# Student part-time job- friday/ saturday day or night



## MarySmyth (29 Dec 2008)

Any ideas where a student looking for 1/ 2 nights/ days work at weekend should look- no adverts in windows anymore! so not sure where to tell them to start looking. They live in west city and can work in liffey valley area or city.


----------



## Sherman (29 Dec 2008)

Any jobs I got as a student were from dropping CVs in to places rather than just applying to those actively looking for part-time workers.  Time to wear out the old shoe leather!


----------



## gianni (29 Dec 2008)

MarySmyth said:


> Any ideas where a student looking for 1/ 2 nights/ days work at weekend should look- no adverts in windows anymore! so not sure where to tell them to start looking. They live in west city and can work in liffey valley area or city.

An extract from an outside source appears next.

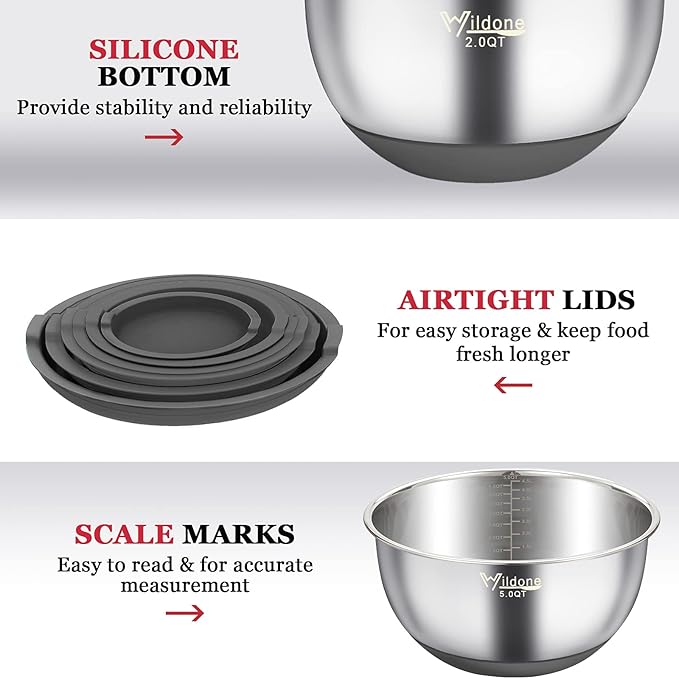 • Durable and High Quality: Wildone bowls set is constructed of mirror-finish interior and matte-finish exterior, features an attractive and elegant look enhancing your kitchen. Made of high-quality stainless steel for lasting use, which is dent resistant and rustproof, easy to clean
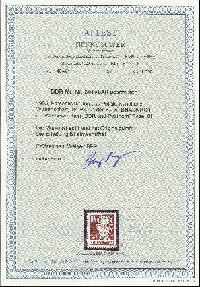 | Prüfer: | Mayer, Henry (BPP (Bund Philatelistischer Prüfer)) |

I'd look for call centre jobs - very flexible hours, mind-numbingly boring but no real effort to do - ideal for students. I did it myself for many years!

Try here:


----------



## Sue Ellen (29 Dec 2008)

Getting harder and harder to get.

These sites might help:


www.dole.ie
www.gumtree.ie
www.nixers.com
www.fas.ie
www.monster.ie
www.irishjobs.ie


----------



## Flax (30 Dec 2008)

Try http://www.studentjobs.ie ?


----------



## Smashbox (31 Dec 2008)

Try the cinema in Liffey Valley


----------



## FutureProof (5 Jan 2009)

bars are probably the most realistic as turnover is quite high


----------



## MarySmyth (5 Jan 2009)

Thanks to everyone for comments and feedback.

Latest update from the student job seeker- lots of retail shops won't even accept CV as they are planning on closing! (per trips to same in Liffey Valley). Is the economy that bad?


----------



## micmclo (6 Jan 2009)

Fast food place?
If you don't want to do the delivery you can take the orders behind the counter and by phone

Easy enough.......until the drunks arrive!


----------



## DeeFox (6 Jan 2009)

I used to waitress when I was a student at weekends.  The tips were very handy cash in hand.  I think the best way to approach a restaurant is to find out when the manager is on and go in at a quite time (3ish on a weekday).  I was always surprised at how many people would come in during the lunch rush or in the evening.  And also, if you have any relevant experience at all to put it near the top of the cv.


----------



## truthseeker (6 Jan 2009)

Supermarkets/department stores like Dunnes/Penneys - at the moment a lot of people in Ireland are returning to their own countries because of the economy here so there may well be minimum wage jobs coming available.


----------



## Sue Ellen (6 Jan 2009)

truthseeker said:


> Supermarkets/department stores like Dunnes/Penneys - at the moment a lot of people in Ireland are returning to their own countries because of the economy here so there may well be minimum wage jobs coming available.



Heard supervisor in Penneys, Mary St. telling someone recently that they could not take their C.V. as they won't be recruiting until at least after March.  Have also heard of a few Dunnes braches cutting the opening hours.


----------